The Fed is scheduled to announce its rate policy decision Wednesday afternoon, followed by Fed Chairwoman Janet Yellen's press conference.
Higher interest rates from the Fed tighten money supply for the broader economy and tend to shrink the value of outstanding government bonds. Yields on short-term Treasurys are highly sensitive to the Fed's rate policy outlook.
The yield on the two-year Treasury note settled at 1.359%, compared with 1.338% Friday. Yields rise as bond prices fall. It was the yield's highest close since March 14 when the yield settled at 1.380%, the highest close since June 8, 2009.
Hectic new debt sales also weighed down bond prices. The Treasury sold more than $100 billion new debt Monday via four offerings with maturities spanning from three months out to 10 years. A $12 billion sale of 30-year bonds along with a four-week bill auction are due Tuesday.

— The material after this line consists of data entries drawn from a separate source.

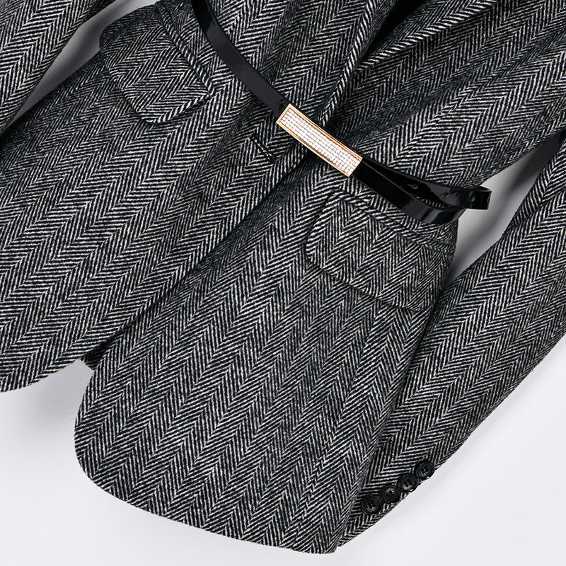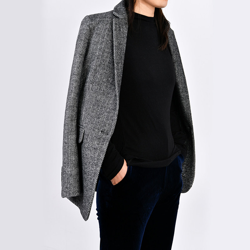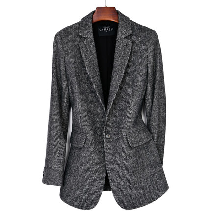 秋冬新款人字纹经典时尚修身羊毛西装毛呢质感西服大码单西女外套
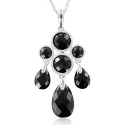 Briolette Black Onyx Drop Necklace with 14k White Gold Chain, 5.18 cttw
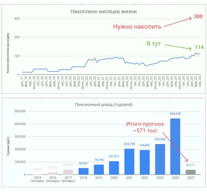 Уже 8 год формирую пассивный доход, верю что смогу достичь своей цели. Звёзд с неба не хватаю, обычный работяга из региона, докажу себе и вам, что это возможно. По итогу хочу получить за год 1.000.000 рублей пенсии. Мой путь медленный и долгий, источник тут.

The yield on the benchmark 10-year Treasury note closed at 2.215%, compared with 2.201% Friday.
The Fed is widely expected to raise rates again after doing so last December and in March. For bond investors, the key question is what the Fed would do beyond June along with any update on its plan to start unwinding a balance sheet that includes more than $2 trillion worth of Treasury bonds.
The 10-year Treasury yield has fallen from this year's peak -- slightly above 2.6% in March. Signs of slowing inflation in recent months have bolstered some investors' expectations that the June hike may be the last one this year. The yield settled at 2.147% on June 6, the lowest level since November.

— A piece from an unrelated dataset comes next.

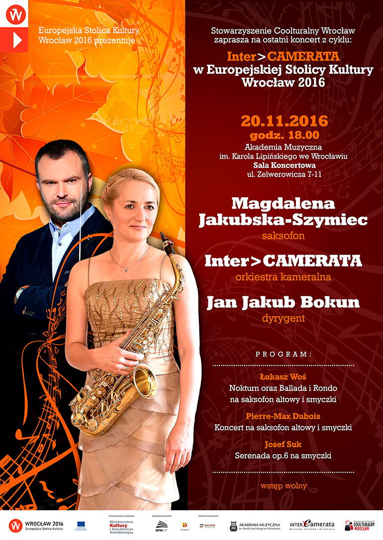 Kolejna zaskakująca odsłona znakomitej orkiestry kameralnej Inter >CAMERATA pod batutą Jana Jakuba Bokuna. Tym razem czeka nas wieczór z saksofonem w roli głównej. Do współpracy zaproszono charyzmatyczną solistkę Magdalenę Jakubską-Szymiec, profesora Akademii Muzycznej w Poznaniu.
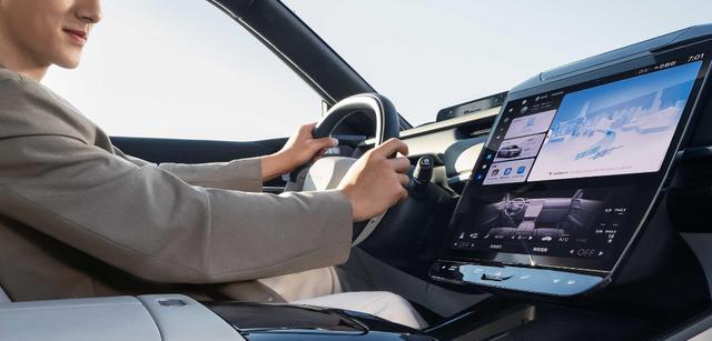 再来看内饰设计,车内设计表现得可圈可点,比如高精度的车载地图是全系标配,而且L2级别智能驾驶辅助系统也是全系标配。此外,分段式的大天窗,12.8英寸的中控屏,10.25英寸的下屏幕,这些全部都是标配。由于采用了电子外后视镜,所以说有着两侧屏幕显示器,用来显示车外的实景。

The view of a slowly-moving Fed boosted demand for the $24 billion sale of three-year notes earlier Monday to the highest since December 2015. The highlight was 65.6% indirect bidding, a proxy for foreign demand, which was the highest since a record high of 68.6% in Nov 2009.
"The market continues to price in a lower trajectory of rate hikes than the path predicted by the Fed in prior meetings," said Michael Lorizio senior trader at Manulife Asset Management.
Robust demand for haven bonds also reflects some concerns about the U.S. stock market. Technology shares suffered a selloff Friday and softened Monday. The tech-heavy Nasdaq stock index has outperformed the Dow and S&P 500 index this year, fueling some concerns whether valuation is getting stretched. For some investors, buying Treasurys offers some protection if stocks suffer a larger downturn.
The strong three-year sale pushed down the 10-year Treasury yield to 2.187%, but the yield rose after the 10-year Treasury auction. Overall demand was solid and the indirect bidding of 66.1% was the highest since January. Yet the auction was sold at a yield of 2.195%, slightly higher than what it traded right before the auction. That means demand was softer than bond dealers had anticipated, which prompted some to sell bonds to book profit.
The risk for bond investors is that the Fed doesn't make big adjustments to their rate policy projections despite slowing inflation, which may disappoint investors looking for a more dovish tone, said Jeffery Elswick, director of fixed income and portfolio manager at Frost Investment Advisors LLC.
Mr. Elswick said he expects the 10-year Treasury yield to rise to 2.5%-2.6% at the end of this year, driven by the Fed's reduction of its balance sheet.
Matt Freund, co-chief investment officer and head of fixed-income strategies at asset manager Calamos Investments, said a slowly-moving Fed reduces the risk of a big rise in Treasury bond yields.